Manca l’insegnante di sostegno, le mamme indicono lo sciopero

Protesta alla prima Collodi dove martedì i bambini non andranno a scuola. Nello stesso giorno i posti saranno assegnati a supplenti senza specializzazione

SAN MINIATO. Martedì niente scuola per i bambini della primaria di La Serra, dove andrà in scena una protesta organizzata dalle mamme per denunciare l’assenza di un insegnante di sostegno per uno degli alunni. Un caso non isolato, quello che sta avvenendo nella frazione San Miniato, perché nell’istituto comprensivo Buonarroti, di cui è dirigente scolastico reggente Sandro Scapellato, mancano in tutto trenta insegnanti di sostegno. E in tutta la provincia sono circa 200 i posti per questo ruolo così delicato a non essere ancora stati assegnati. E la cosa assurda è che non lo saranno, visto che verranno sostituiti da docenti che non hanno la specializzazione.

Già, perché martedì (proprio nel giorno dello sciopero a La Serra) ci sarà la cosiddetta “chiamata centralizzata” da tutte le scuole pisane in una maxi riunione al Teatro di Cascina. Sarà quello il momento dell’assegnazione delle cattedre ai supplenti, compresi i posti degli insegnanti di sostegno. «Abbiamo aspettato quindici giorni, perché dal ministero non erano state pubblicate le graduatorie», dice il preside Scapellato.

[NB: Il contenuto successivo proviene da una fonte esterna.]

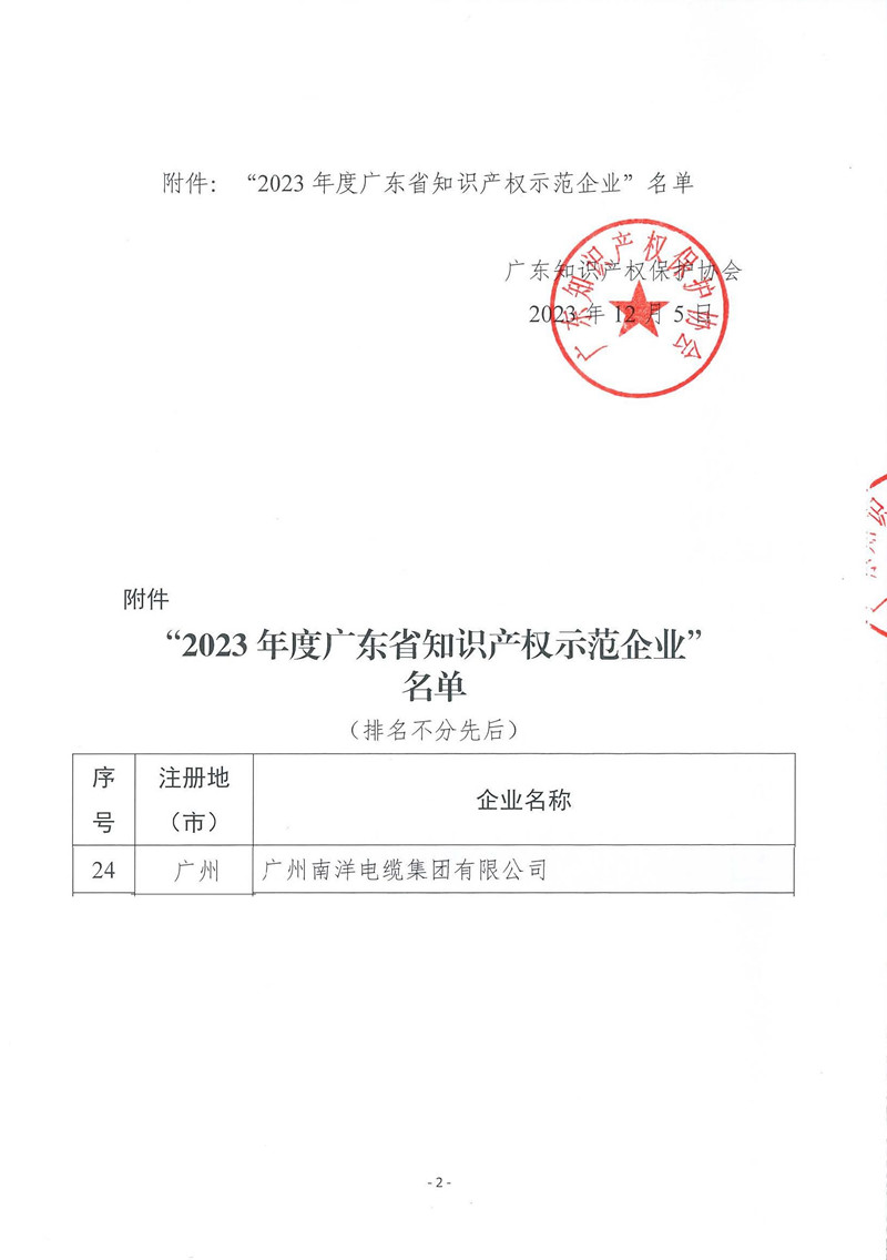 作為廣東省電線電纜龍頭企業,公司將繼續發揮行業引領示范作用,持續加大對產品研發和知識產權的投入,不斷完善企業核心技術研發創新體制機制,加強知識產權的保護和管理,不斷提升知識產權綜合競爭優勢,帶動公司技術創新、產品升級和市場競爭力提升,引領行業高質量發展。

Da mercoledì, quindi, il bimbo di La Serra avrà un insegnante tutto per lui, ma non sarà uno specializzato nel sostegno ai disabili. «È una cosa assurda, lo so. Sono mortificato, in quanto rappresentante di una scuola che non è in grado di dare risposte agli studenti e alle loro famiglie. Il fatto che manchino insegnanti di sostegno è un elemento negativo che caratterizza l’istruzione in Italia», aggiunge il dirigente.

Lo sciopero, comunque, si farà. Le mamme del Collettivo genitori Valdegola si sono organizzate con la distribuzione di volantini, in cui si legge che «la scuola pubblica dev’essere un diritto di tutte e di tutti davvero: non si lascia indietro nessuno. Ma qualcosa è andato storto, all’inizio di quest’anno scolastico. Dopo due settimane stiamo ancora aspettando il sostegno. Spiegheremo ai nostri bambini e alle nostre bambine che salteremo un giorno di lezione, perché vogliamo che la scuola sia un luogo davvero accessibile a tutte e tutti».

La mamma del bambino direttamente interessato dal problema alla scuola dice di essere stata «informata del fatto che la prossima settimana arriverà l’insegnante di sostegno. Bene così, anche se trovo assurdo vivere una situazione del genere. Gli insegnanti di sostegno dovrebbero essere tra le prime cose che vengono decise per l’inizio dell’anno scolastico. Sinceramente sono stata la prima a dire di aspettare a protestare, sperando che arrivasse una novità positiva che, in realtà, è vicina. Ma penso anche sia il caso di far sentire la nostra voce alle istituzioni con una presa di posizione abbastanza netta come quella dello sciopero in programma martedì».

A.Q..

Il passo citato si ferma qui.